Although technology helps us learn and communicate, overuse can apparently be harmful — which has given rise to the digital detox holiday or 'tech-free tourism'.


Digital detox holidays

In a world where being contactable is almost essential, many of us find it difficult to go 'off-grid' and detox from our Tweets, work emails, and group messages. However, the rising trend in tech-free tourism has made this simpler than ever, with a variety of beautiful locations across the UK to help inspire us to concentrate on ourselves and nature rather than phones and laptops.

But how do you organise a digital detox holiday and what should you look out for when choosing your destination? Firstly, decide how you want to keep your attention active so that you don't start craving your Facebook feed. Have you ever fancied taking up yoga or enjoy daily massages? Go to a country health spa. Think long hikes with your partner would help? Book a bed and breakfast in the Lake District. Don't get the chance of fresh sea air? Head to England's south-east coast.

If this is your first tech-free break, search for a place that specialises in digital detox holidays to make it easier. Beingout of your comfort zone means that you're less likely to fall into old habits, such as Instagramming a photo of your favourite spot. However, the best way to ensure you can remain completely free of the temptation of technology is to go to an off-grid establishment. Many hotels in the UK are off-grid, using an LPG supplier instead of a mains grid connection to provide energy to their customers and helping them detach from busy city life. By opting for accommodation in places like these, you help to reduce the risk of reaching a breaking point where you simply can't be without your favourite TV show or beloved Facebook feed anymore, as you're typically surrounded by beautiful countryside with plenty of hotel-run activities to enjoy.

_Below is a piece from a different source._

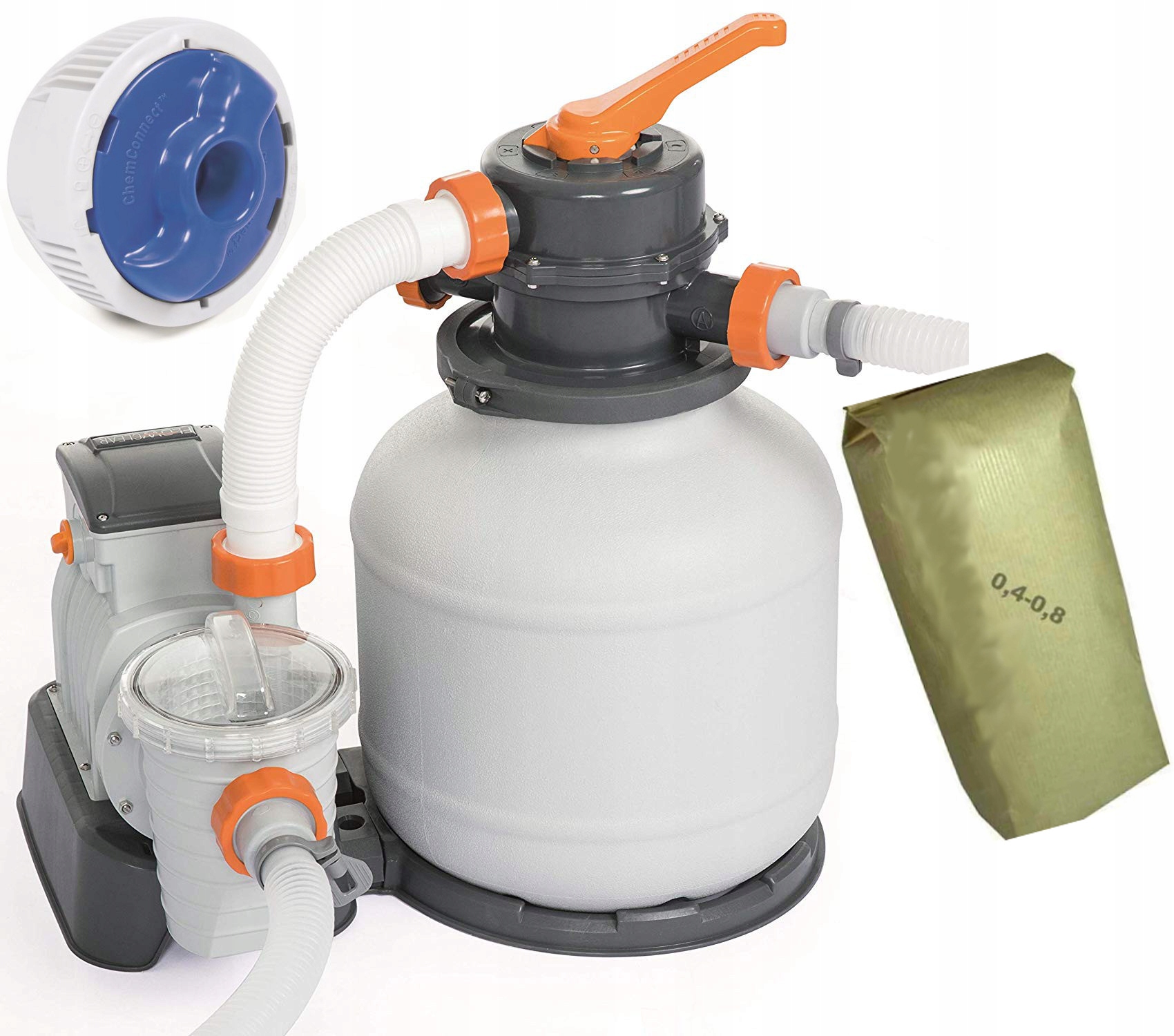 Certains appareils, comme ceux de type sable, sont équipés d'un réservoir impressionnant. L'élément filtrant - le sable - y est versé.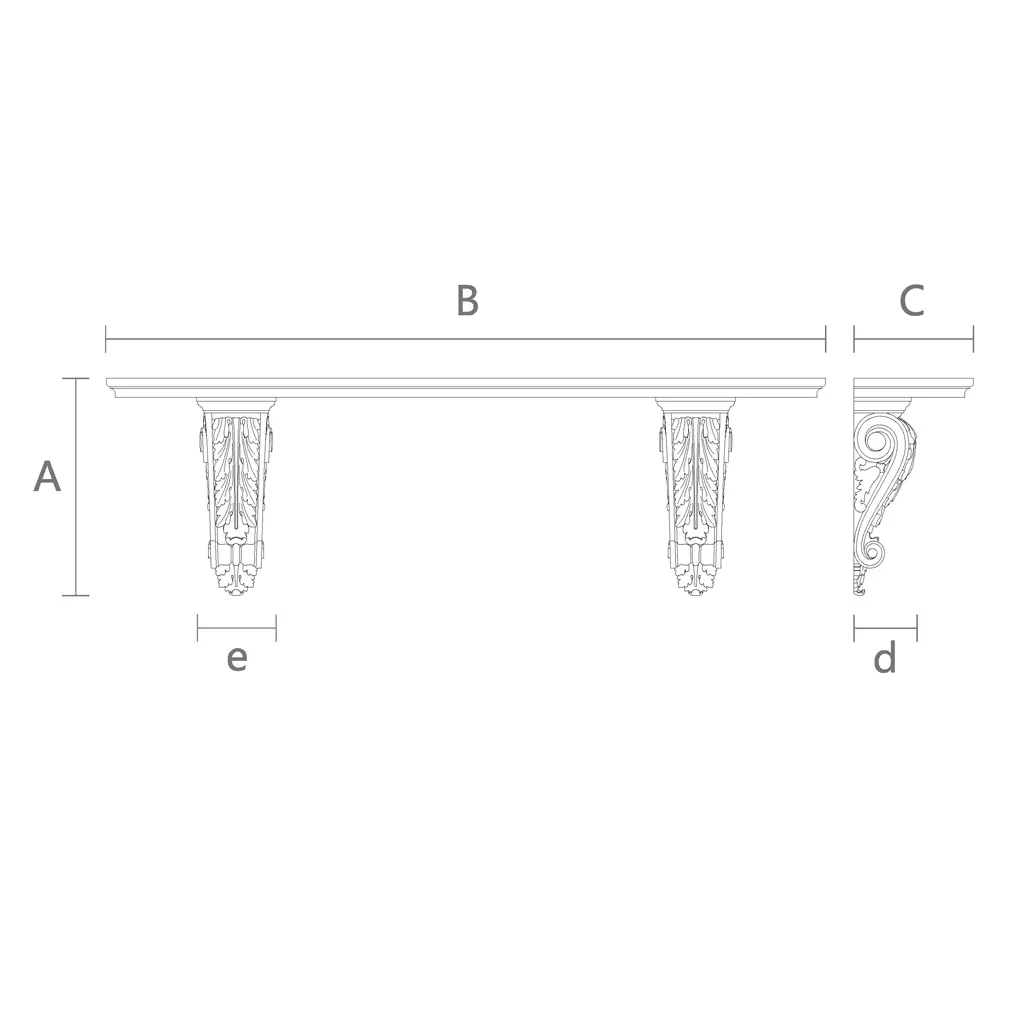 The length and proportions of the shelf make it a universal solution for placing both decorative accessories and functional items. Thanks to the high quality of materials and refined carving, this shelf will not only be an interior element but also a symbol of your refined taste and attention to detail.

Interested in detox breaks? Here are a few of the top, completely off-grid sites around the UK that you can book to cleanse your mind of digital influences:

  • The Scottish Highlands: find a cottage and enjoy fishing trips and long walks.
  • Brecon Beacons National Park: many glamping sites here embrace mindfulness and nature.
  • Lundy Island: on the south-west coast, you're surround by water to feel truly disconnected.
  • Saddell: a small Scottish village with secluded cottages and lodges to rent.
  • Northumberland National Park: here, you can rent a tipi or yurt in tranquil woodlands.
  • Herm Island: The White House Hotel encourages yoga and star-gazing — it's also free of TVs!


How to enjoy your stay

According to a study into screen-use time published in The Guardian, a typical user checks their smartphone 39 times every 24 hours. With reports claiming that the average adult spends nearly six hours a day engaging in digital media, it's not surprising that cutting yourself off completely is difficult. So, how do you make it easier?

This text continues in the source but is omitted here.